What you are asked to do.
Reproduce the lines below exactly. Begin with the first, end with the line containing "Prvního infernal peta", and leave out the pictures.

Input material.
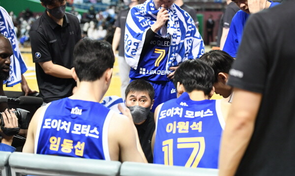 연이어 김상규에게 3점슛을 내준 마지막 수비 장면에 대해 “(장민국에게) 트랩을 가라고 지시했다. 1대1을 통해서 막기는 어렵다고 생각했다. 결과적으로 나의 실수다. 라건아를 막아야 한다는 생각을 했다.”고 전한 후 “수비 능력은 하루 아침에 개선되지 않는다. 키가 작은 선수들이 막다보니 체력적인 어려움이 있었다고 본다. 아쉬운 건 아쉬운 거다.”고 말하며 인터뷰를 정리했다.
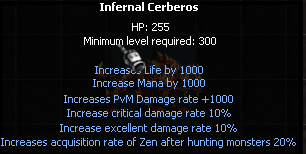 Prvního infernal peta si zakoupíte u barmanky Lumen v Lorencii za 515,000,000 Zen a následně je upgradujete s pomocí Pet Heart. Každý další upgrade vyžaduje víc srdíček, ale na rozdíl od Evolved Fenrirů je šance na upgrade 100% a nikdy vám neselže.
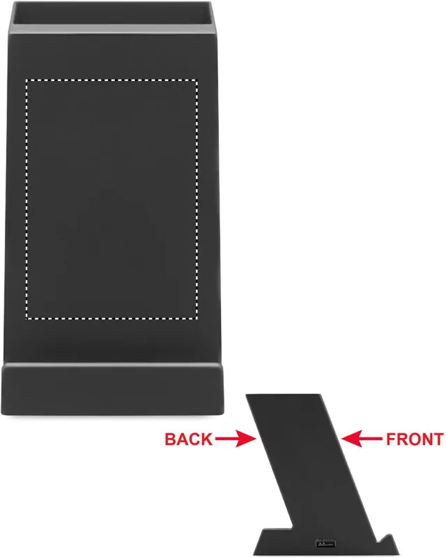 15W-os duplatekercses vezeték nélküli töltő tolltartóval ABS műanyagból. Teljesítmény: DC 9V/1.67A (15W) a gyors töltéshez. 1 USB-A portos áramkimenet.
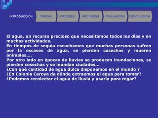Este documento presenta información sobre el agua como un recurso valioso. Propone varias tareas para que los estudiantes aprendan sobre el ciclo del agua, su distribución en la Tierra, usos y contaminación. También incluye recursos en línea sobre estos temas y la historia del canal San Carlos, importante para el abastecimiento de agua de la región.
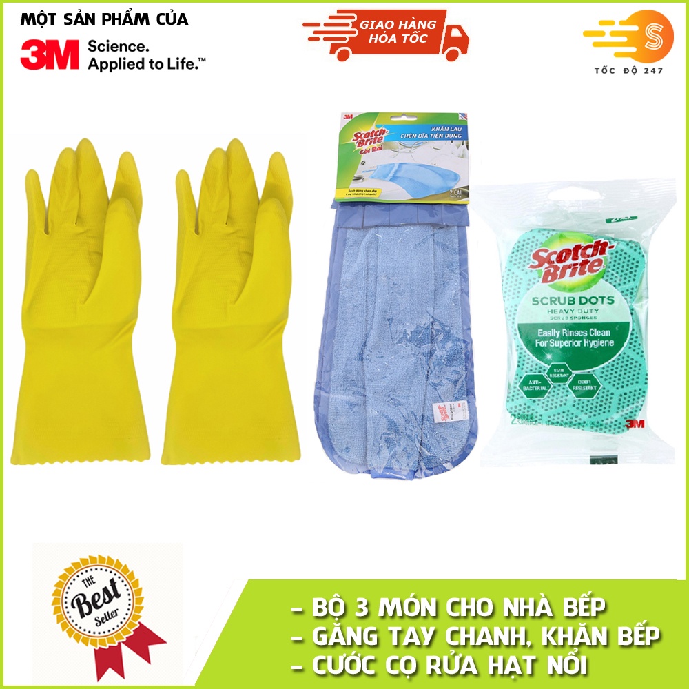 Nhà cửa & Đời sống > Dụng cụ chăm sóc nhà cửa > Khăn vệ sinh || Bộ 3 món nhà bếp gồm khăn lau chén dĩa, găng tay rửa chén hương chanh và 2 miếng cước hạt nổi siêu sạch Scotch-Brite 3MCòn hàng

Solution below.
 연이어 김상규에게 3점슛을 내준 마지막 수비 장면에 대해 “(장민국에게) 트랩을 가라고 지시했다. 1대1을 통해서 막기는 어렵다고 생각했다. 결과적으로 나의 실수다. 라건아를 막아야 한다는 생각을 했다.”고 전한 후 “수비 능력은 하루 아침에 개선되지 않는다. 키가 작은 선수들이 막다보니 체력적인 어려움이 있었다고 본다. 아쉬운 건 아쉬운 거다.”고 말하며 인터뷰를 정리했다.
 Prvního infernal peta si zakoupíte u barmanky Lumen v Lorencii za 515,000,000 Zen a následně je upgradujete s pomocí Pet Heart. Každý další upgrade vyžaduje víc srdíček, ale na rozdíl od Evolved Fenrirů je šance na upgrade 100% a nikdy vám neselže.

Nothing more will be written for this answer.